La rigueur n'est pas une fatalité pour tous les responsables politiques (15 novembre 2011)

1481433971.jpgProposer un autre chemin que la politique de rigueur relève-t-il d'un discours de "doux rêveur", de "démagogue" ou de "populiste"? Non, répond Nicolas Dupont-Aignan (Debout la République): "L'autre politique, la seule raisonnable, la seule connectée à l'économie réelle consiste au contraire à s'attaquer aux causes profondes de la dette, c'est-à-dire le manque de recettes budgétaires et sociales lié à la mondialisation qui nivelle tout par le bas et, pour la France et les pays du Sud de l'Europe, la politique suicidaire de l'euro cher qui a asphyxié un peu plus nos industries".

"La dette est devenue, pour les tenants de la politique réaliste, ce qu'était le ciel chez les Gaulois: elle pourrait nous tomber sur la tête et bien peu sont ceux qui cherchent à en contrôler la création ou à la faire payer aux plus puissants", poursuit André Bellon, ancien président socialiste de la commission des affaires étrangères de l'Assemblée nationale.

Dans un récent essai (1), celui qui préside aujourd'hui une "Association pour une constituante" dénonce les élus qui, en lieu et place du mandat octroyé par les citoyens, acceptent un mandat des marchés comme si ceux-ci "étaient des êtres vivants ou, du moins, comme s'ils étaient une force transcendantale à laquelle nul ne peut résister". Ce qui revient à "transférer la souveraineté populaire aux agences de notation", renchérit Jean-Pierre Chevènement (Mouvement républicain et citoyen).

Selon le gaulliste Nicolas Dupont-Aignan, "l'UMP et le PS ont démissionné et sont entrés dans la même logique d'austérité culpabilisatrice de Pierre Laval en 1935", c'est-à-dire une politique de déflation. "Le concours du sang et des larmes repart de plus belle", dénonce parallèlement le socialiste Jean-Luc Mélenchon (Parti de gauche), estimant que "l'austérité a fait plus de dégâts en Grèce que la dette".

La même expression de Churchill avait été employée par Marine Le Pen dans une lettre adressée cet été à Christine Lagarde, directrice générale du FMI. "Le projet de redressement que je propose aux Français est en même temps un projet d'espérance, écrit la présidente du Front national. Je ne me résous pas à la rigueur, à la dette, au marasme social et à l'austérité sans fin. Je refuse d'offrir comme seule perspective à mon peuple de la sueur et des larmes."

Comparant le énième plan de rigueur du gouvernement à "une nouvelle saignée pour l'économie française", Jean-Pierre Chevènement entend également offrir un autre horizon que celui "d'une austérité à perpétuité" dans le seul but de conserver la note "triple A" de la France.

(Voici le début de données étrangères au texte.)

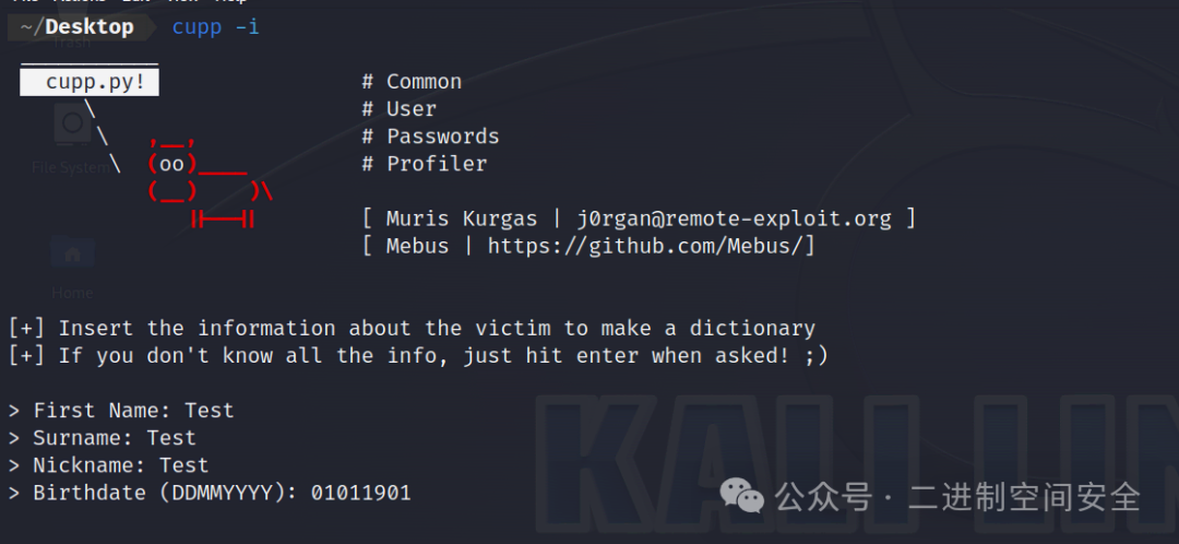 除此之外, 还可以利用CUPP(Common User Passwords Profiler)工具,根据个人信息生成定向的单词列表, 可以利用的信息包括:姓名、宠物的名字、生日等, 最终创建一个可用于字典攻击的定制单词列表, 该工具使用过程如下:
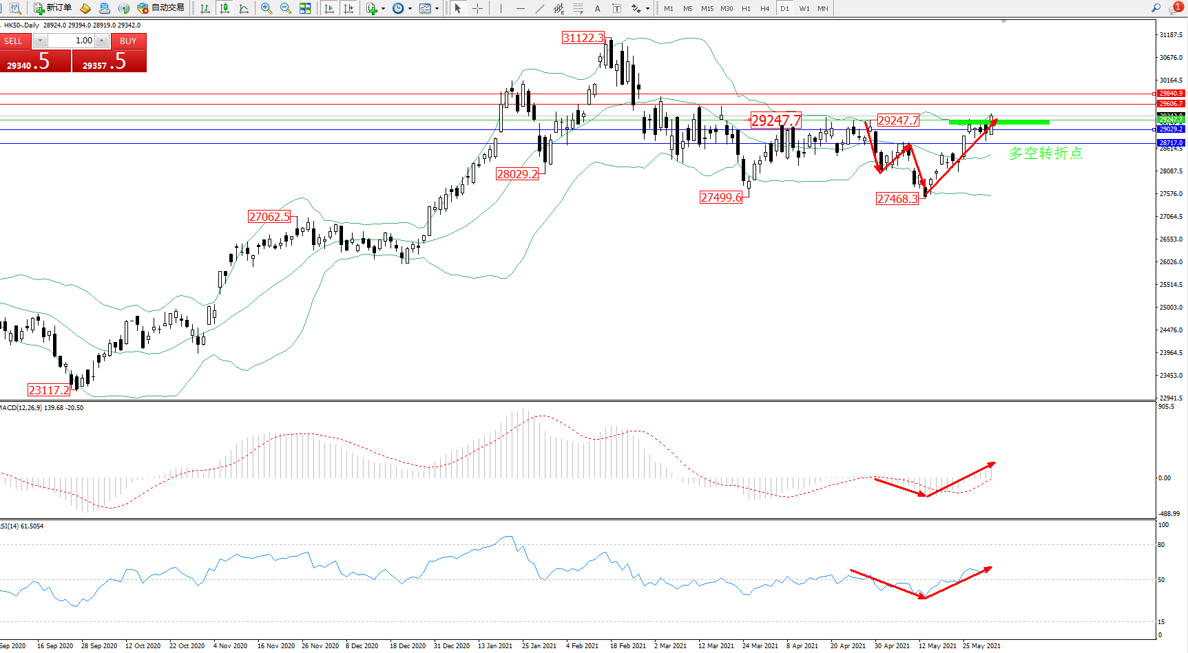 恒指HK50 ——日K线图显示:

Au-delà de l'affirmation que la politique de rigueur n'est pas une fatalité, les alternatives économiques avancées présentent cependant des convergences et des divergences. Tous plaident en faveur de l'abrogation de la loi de 1973 obligeant la France à emprunter sur les marchés financiers, alors qu'auparavant elle pouvait directement emprunter auprès de la Banque de France sans payer d'intérêts ou à un taux bien inférieur à celui des marchés.

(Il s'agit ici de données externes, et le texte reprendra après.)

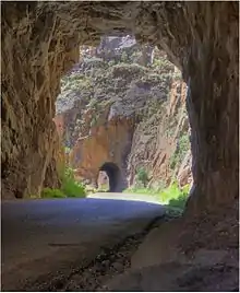 The road through the Rio Guadalupe box canyon bears the designation Forest Road 376 in Santa Fe National Forest near the unincorporated town of Cañones (or Gilman). The continuation as Forest Road 376 eventually terminates at New Mexico State Road 126 east of San Pedro Parks Wilderness. The route incorporates the Gilman Tunnels (1 mi (1.6 km) beyond the transition to Forest Road 376) which was part of the former Santa Fe Northwestern Railway (SFNW) through the canyon which was used to haul lumber from the Jemez Mountains. The railway opened in 1924 but never recovered financially from the Wall Street Crash of 1929,[3] and ceased operations in May 1941 following flood damage from the Rio Guadalupe.[4]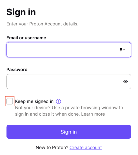 We also strongly recommend using the private browsing mode (also known as incognito mode) to sign into your Proton Mail account. Select the Keep me signed in checkbox only if you’re using your personal device that nobody else has access to.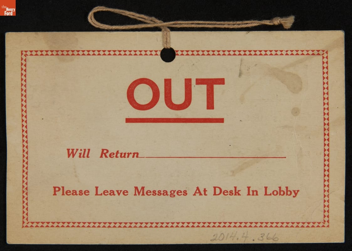 Verso: OUT / Will Return _______________________ / Please Leave Messages At Desk In Lobby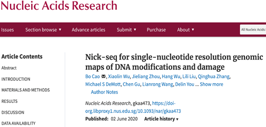 曹博教授团队与麻省理工学院、武汉大学等单位合作,在DNA表观遗传学研究方向取得突破性进展,研究成果分别发表于著名国际期刊《Nucleic Acids Research》(影响因子: 11.147)和《Proc. Natl. Acad. Sci.》(影响因子: 9.58)。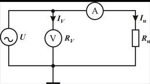 причем I > I'. В результате возрастает падение напряжения на внутреннем сопротивлении источника Ri и соответственно уменьшаются падение напряжения на резисторе R и показания вольтметра UV. Абсолютная методическая погрешность измерения, возникающая за счет шунтирования резистора R сопротивлением RV, равна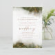 Este elegante convite de casamento apresenta um design de borda de cor aquosa verde-oliva na imitação de mármore veinado com folha de ouro falsa, desaparecendo gradualmente no fundo branco. A palavra "casamento" aparece em escrita manuscrita dourada, com o texto remanescente em maiúsculas de serifa douradas. O padrão do mármore verde-oliva e dourado é repetido no verso do cartão.

Afin de "démondialiser" et de "relocaliser" la production, le protectionnisme est la solution commune, mais Jean-Pierre Chevènement, Marine Le Pen et Nicolas Dupont-Aignan l'envisagent à l'échelon national, là où Jean-Luc Mélenchon (comme Arnaud Montebourg) le propose à l'échelon européen.

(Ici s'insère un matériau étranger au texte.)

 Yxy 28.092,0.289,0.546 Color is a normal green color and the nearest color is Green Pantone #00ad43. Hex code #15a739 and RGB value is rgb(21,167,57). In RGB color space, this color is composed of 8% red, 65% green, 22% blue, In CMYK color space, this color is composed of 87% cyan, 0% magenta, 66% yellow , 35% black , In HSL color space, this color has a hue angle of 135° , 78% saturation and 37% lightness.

Enfin, Jean-Luc Mélenchon souhaite une dévaluation de l'euro, tandis que Marine Le Pen et Nicolas Dupont-Aignan veulent en sortir. Jean-Pierre Chevènement, lui, laisse les deux portes ouvertes: "Soit on réforme l'architecture de la monnaie unique, soit on ne peut pas car l'Allemagne s'y refuse et alors il faut envisager la mutation de la monnaie unique en une monnaie commune". Rappelant, non sans malice, que cette dernière correspondait à l'option originellement défendue par Pierre Bérégovoy à gauche et Édouard Balladur à droite.

Laurent de Boissieu
La-Croix.com, 09/11/2011

(1) Ceci n'est pas une dictature, Mille et une nuits, 179 pages, 10 €.